Das Bild, dessen wuchernde Farbe sich den Raum einverleibt, zeigt — aus einigen Metern Abstand betrachtet — die beiden jugendlichen Amokläufer Eric und Dylan, die sich in der Schulbibliothek selbst gerichtet haben. Die Spuren von Blut und Verwüstung sind greifbar. Im Vordergrund ist noch die Waffe erkennbar, die Bücher der Bibliothek sind nurmehr Farbfetzen, zerfleddert wie die Ideologien der beiden Schüler. Springseile laufen bis zum Arm eines Täters, der so als Marionette gekennzeichnet wird. Die gebogenen Kunststoffröhrchen lassen sich als Sauerstoffschläuche deuten. Dass die Verknüpfungsstelle an ein Hakenkreuz erinnert, ist kein Zufall. In Marcaccios Bildern lässt sich lesen und immer wieder Neues entdecken.

Es ist kein leicht zugängliches Bild. Das macht für Hentschel den Wert der künstlerischen Position deutlich: "Kunst hat sich nie selbst erklärt, auch in früheren Jahrhunderten nicht. Den Zugang muss man sich erarbeiten." Bei Marcaccio geht das übers Internet — wer die Bildertitel eingibt, wird von Informationen überflutet. Auch das ist Kalkül, denn "Eric & Dylan" basiert auf einem Polizeifoto vom Tatort, das irgendwie ins Internet gelangt war.

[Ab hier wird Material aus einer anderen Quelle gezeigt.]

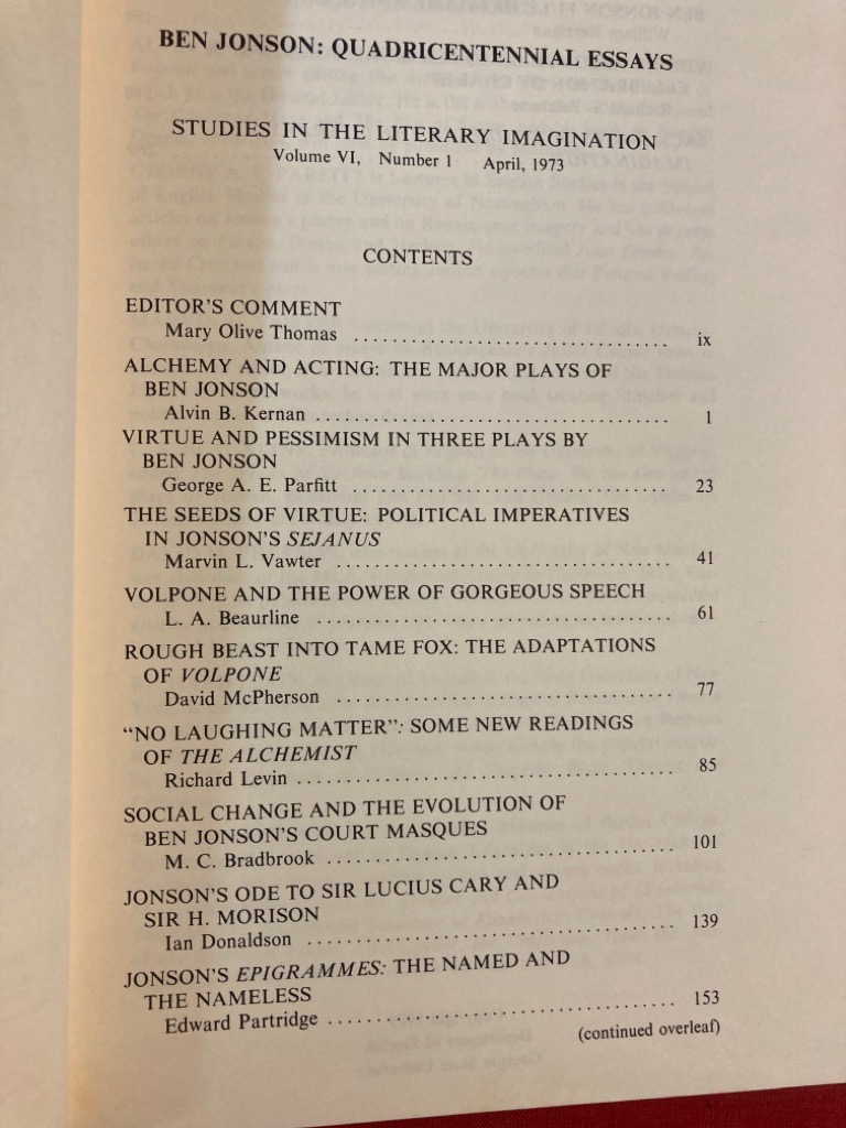 Description: xi 271p original paper cover, fresh and clean: Kernan, Parfitrt, Vawter, Beaurline, Richard Levin, Bradbrook, Donaldson etc: as new, and interesting collection of essays

Gut besucht, sagt Hentschel, sei die Ausstellung bisher gewesen. Dass zeitgleich Marcaccios Skulpturen im Duisburger Lehmbruck-Museum zu sehen sind, habe sich bemerkbar gemacht. Für Fabian Marcaccio ist die große Schau im Haus Esters ein Erfolg: Fast alle Bilder hat er verkauft, und es gibt Anfragen von weiteren Museen für Ausstellungen.